Here’s a story…
Lingerie thief drives car into adult store’s manager in attempt at getaway
A shoplifter who deliberately drove into the manager of adult store Peaches & Cream has been handed her just desserts in court.
Hamilton woman Kayla Jean Smith, 29, appeared in the Hamilton District Court on Friday, on charges of assault using a blunt instrument – namely a blue Toyota Corolla – shoplifting, and aggravated assault.
Some of those charges arose from an incident at the store on Anglesea St, just after 3pm on April 19 last year.
Smith entered the shop and collected five items of lingerie off the shelf, to the value of $320.
With the skimpy clothing in hand, she skimped on paying – instead running out of the store and onto the street with the store manager hot on her tail.
Smith ran to her car, which was parked in a driveway by the store, and got in. The manager saw her, and started walking towards her. Smith stopped the car three metres in front of her.
The manager yelled for her to give the lingerie back. Smith yelled back: “Get f…ed”.
Then she hit the accelerator, hitting the manager with the front of the car. The victim was forced up onto the bonnet of the vehicle and carried along for a couple of metres before being thrown backwards onto the road.
The manager suffered a concussion and bruises and scratches, but was otherwise unharmed.
Smith, meanwhile, had an explanation for the police when they caught up with her: “It was not me. I am being mistaken for a woman called Olivia”.
…she wouldn’t even own up to her own appalling behaviour and pretended ‘Olivia’ was to blame.
What a little charmer!
And why was she running over sex shop managers and stealing lingerie?
Because of the meth.
Of course.
Here’s another wee gem on my Bus route no less…
Auckland bus attack: Justin Waipouri jailed for unprovoked stabbing of fellow passenger in Newmarket
Methamphetamine addict Justin Coy Waipouri had not slept in three days when he turned to a stranger seated near him on an Auckland bus and began to stab him without warning.
Now the 46-year-old has been sentenced in the Auckland District Court for the brutal and unprovoked attack, which he acknowledges was “foolish” and something he regrets.
“What happened on that bus was unacceptable,” Judge Peter Winter said before ordering a sentence of three years’ imprisonment, adding that commuters should be entitled to take public transit without the fear of random violence.
The attack occurred just before 9.30pm one Thursday in May 2022 as the Auckland Transport bus travelled along Broadway in Newmarket. Waipouri and the victim were both on the rear seat of the bus, with another passenger between them.
“As the bus neared the intersection of Remuera Rd and Broadway, Mr Waipouri began behaving erratically, punching the ceiling and complaining of the air conditioning,” the agreed summary of facts for the case states. “[The victim] intervened by telling Mr Waipouri to relax and calm down.

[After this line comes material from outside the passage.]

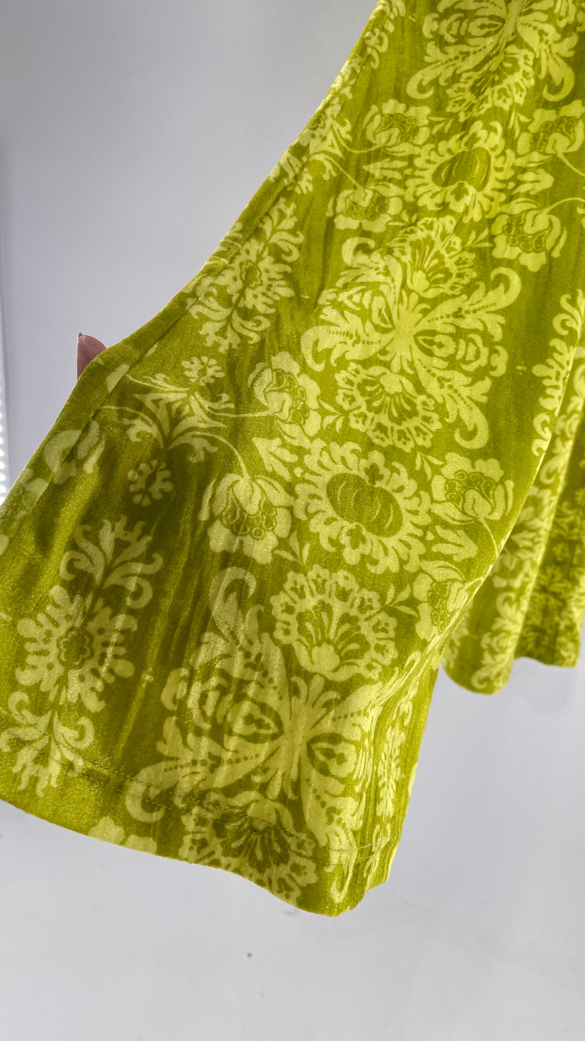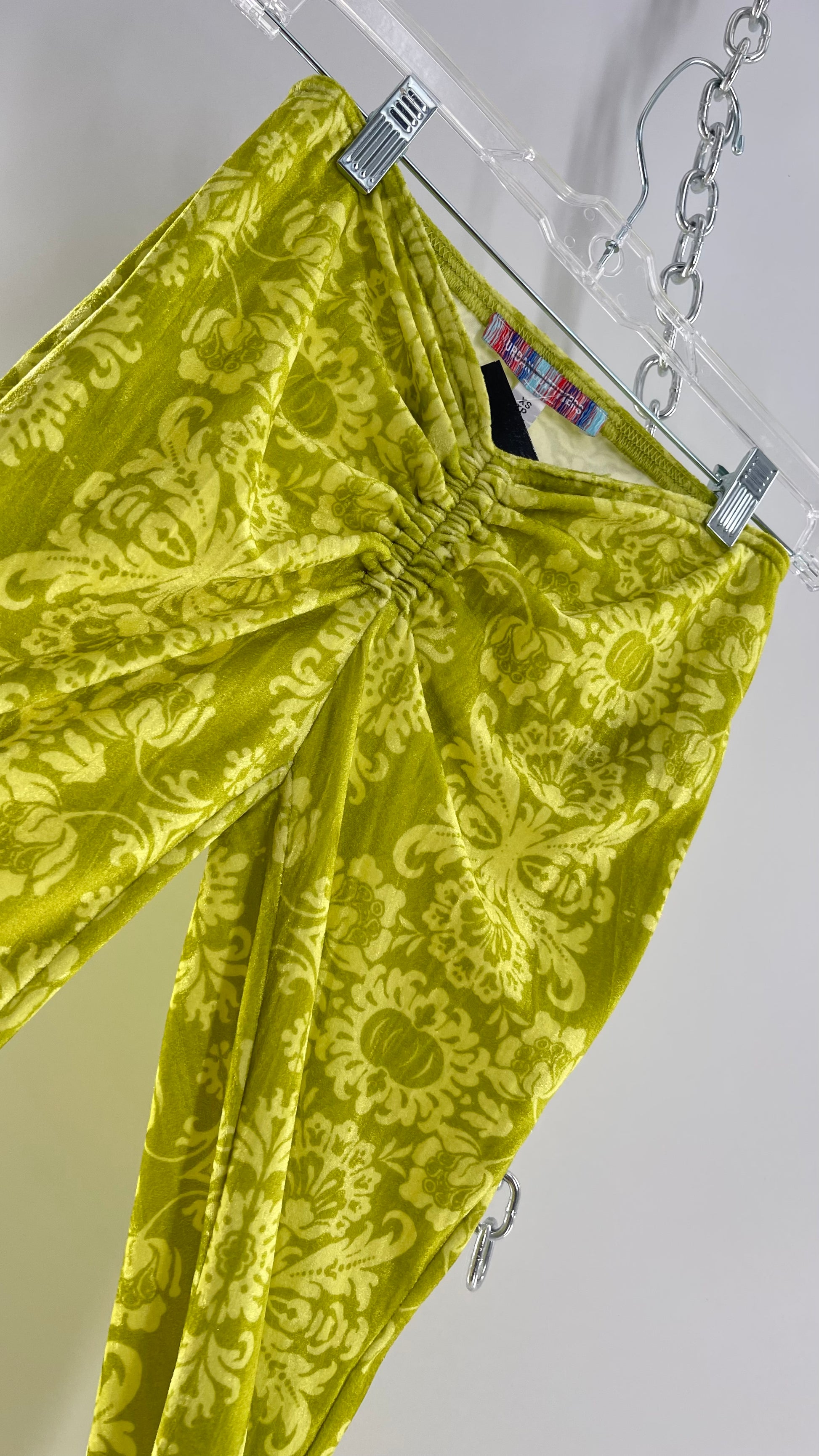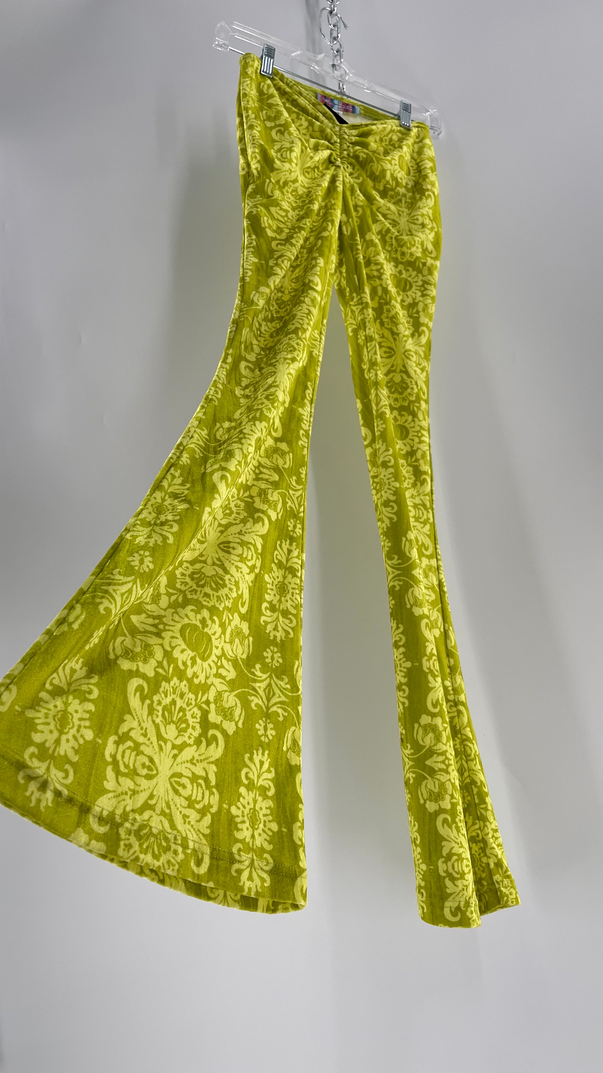 Urban Outfitters Chartreuse Green/Yellow Velvet Lace Patterned Flares with Scrunch Front (XS)

“This enraged Mr Waipouri …”
The defendant then lunged at the victim, throwing punches.
“Using a knife or similar bladed item, Mr Waipouri stabbed [the stranger] four times, thrice in the torso and one in the neck,” court documents state.
The defendant later said he had been up for several days due to methamphetamine use and wasn’t thinking clearly. He had got it in his mind that the stranger was about to attack him so he struck first, he explained.

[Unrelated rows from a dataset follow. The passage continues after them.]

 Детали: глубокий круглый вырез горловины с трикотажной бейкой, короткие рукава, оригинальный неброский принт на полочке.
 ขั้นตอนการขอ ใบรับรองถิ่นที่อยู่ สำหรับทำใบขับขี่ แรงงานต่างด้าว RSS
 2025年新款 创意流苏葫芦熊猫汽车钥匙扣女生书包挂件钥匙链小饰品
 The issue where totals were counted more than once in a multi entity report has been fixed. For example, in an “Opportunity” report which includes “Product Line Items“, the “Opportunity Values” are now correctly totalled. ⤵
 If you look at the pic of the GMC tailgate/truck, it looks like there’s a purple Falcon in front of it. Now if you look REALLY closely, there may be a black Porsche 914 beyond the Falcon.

Waipouri got off the bus after the attack and tried to flag down another bus. When the bus driver refused to open the door for him, Waipouri struck the bus, smashing the glass. For that incident, he was charged with intentional damage.
Waipouri pleaded guilty to both charges last June and had been awaiting sentencing since.
In a victim impact statement written two weeks after the incident, the man who was stabbed said he still hadn’t returned to work as a result of his serious but not life-threatening injuries.
“I don’t know why the male attacked me,” the victim wrote. “I was just trying to help him and calm him down.”
He said he was fearful that Waipouri might be granted bail since the victim would soon have to start using the bus again to get to work.
“I’m afraid something like this might happen again,” he said.
Waipouri was granted electronically monitored bail in April last year so he could enrol at Grace Foundation, a live-in rehabilitation facility. But he absconded from the facility in September and was at-large for six months before being arrested again in March this year. He had been in custody since then.
…wait for the twist…
The father-of-seven has genuine remorse for what occurred and wants to start fresh after release from prison, perhaps using his carpentry qualifications to earn a living, the court was told. He also wanted re-establish a relationship with his children.
…HE’S A FUCKING FATHER OF 7???
What a way to bury the lead!
I don’t want to sound judgy, but if you are stealing lingerie and running over store managers for Meth money, if you are a father of 7 on a 3 days meth bender playing stabby stabby games with fellow bus passengers, may I humbly suggest you are fucked.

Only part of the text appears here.